Draft comment response by Scott Leibrand & Dana Lewis:

The proposed FDA guidance on medical device interoperability is a gesture in the right direction, and is clearly intended to encourage medical devices to be designed with interoperability in mind. However, in the current draft form, the proposed guidance focuses too much on *discouraging* manufacturers from including the kinds of capabilities necessary to allow for continued innovation (particularly patient-led innovation as seen from the patient-driven #WeAreNotWaiting community).  Instead, much of the guidance assumes that manufacturers should only provide the bare minimum level of interoperability required for the intended use, and even goes so far as to suggest they “prevent access by other users” to any “interface only meant to be used by the manufacturer’s technicians for software updates or diagnostics”.  There is also much note of “authorized users”, which is language that is often currently leaned upon in the real world to exclude patients from accessing data on their own medical devices – so it would be worthwhile to further augment the guidance and/or more specifically review the implications of the guidance with an eye toward patients/users of medical devices.  The focus on including information on electronic data interfaces in product labeling is a good inclusion in the guidance, but it would be far more powerful (and less likely to be interpreted as a suggestion to cripple future products’ interoperability capabilities) if manufacturers were encouraged to properly include interface details for *all* their interfaces, not just those for which the manufacturer has already identified an intended use case.

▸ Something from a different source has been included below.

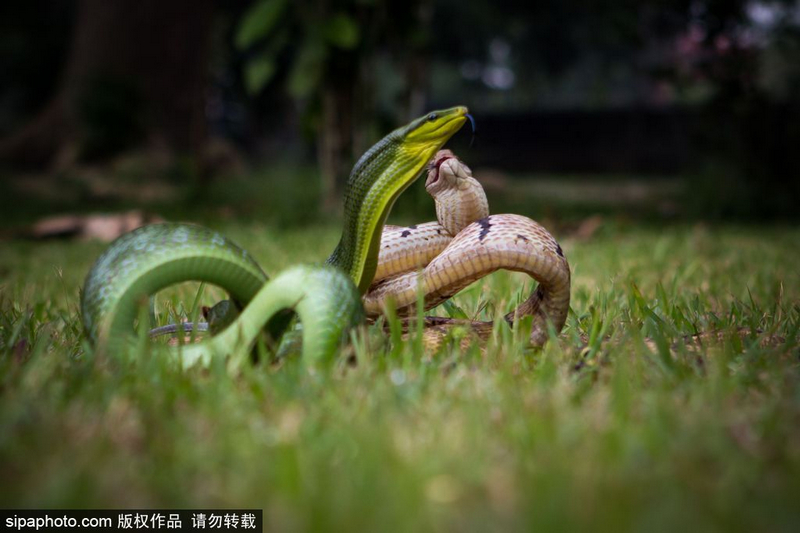 印尼人Krisdian Wardana在自家后院发现两条蛇在打架,便用相机记录下这激烈火爆的场面。一条是红尾绿色食鼠蛇,另一条是三索颌腔蛇。摄影师说这两条蛇可能是因为猎物和领地才大打出手。红尾绿色食鼠蛇常生活树上,很少下地面来。而另外一条棕色的蛇天生具有攻击性。Sipaphoto

Specific suggestions for improving the proposed guidance on medical device interoperability:
  • The guidance needs to more explicitly encourage manufacturers to design their products for *maximum* interoperability, including the ability for the device to safely interoperate with devices and for use cases that are not covered by the manufacturer’s intended uses.
  • Rather than designing device interoperability characteristics solely for intended uses, and withholding information related to non-intended uses, manufacturers should detail in product labeling the boundaries of the intended and tested use cases, and also provide information on all electronic data interfaces, even those with no manufacturer-intended use.  Labeling should be very clear on the interfaces’ design specifications, and should detail the boundaries of the uses the manufacturer intended, designed for, and tested.
  • The guidance should explicitly state that the FDA supports allowing third parties to access medical devices’ electronic data interfaces, according to the specifications published by the manufacturers, for uses other than those originally intended by the manufacturer.  They should make it clear that any off-label use by patients and health care professionals must be performed in a way that interoperates safely with the medical device per the manufacturer’s specifications, and it is the responsibility of the third party performing the off-label use, not the manufacturer, to ensure that they are making safe use of the medical device and its electronic data interface.  The guidance should make clear that the manufacturer is only responsible for ensuring that the medical device performs as specified, and that those specifications are complete and accurate.
With these kinds of changes, this guidance could be a powerful force for improving the pace of innovation in medical devices, allowing us to move beyond “proprietary” and “partnership” based solutions to solutions that harness the full power of third-party innovation by patients, health care professionals, clinical researchers and other investigators, and startup technology companies.  The FDA needs to set both clear rules that require manufacturers to document their devices capabilities as well as guidance that encourages manufacturers to provide electronic data interfaces that third parties can use to create new and innovative solutions (without introducing any new liability to the original manufacturer for having done so).  If the FDA does so, this will set the stage to allow innovation in medical devices to parallel the ever-increasing pace of technological innovation, while preserving and expanding patients rights to access their own data and control their own treatment.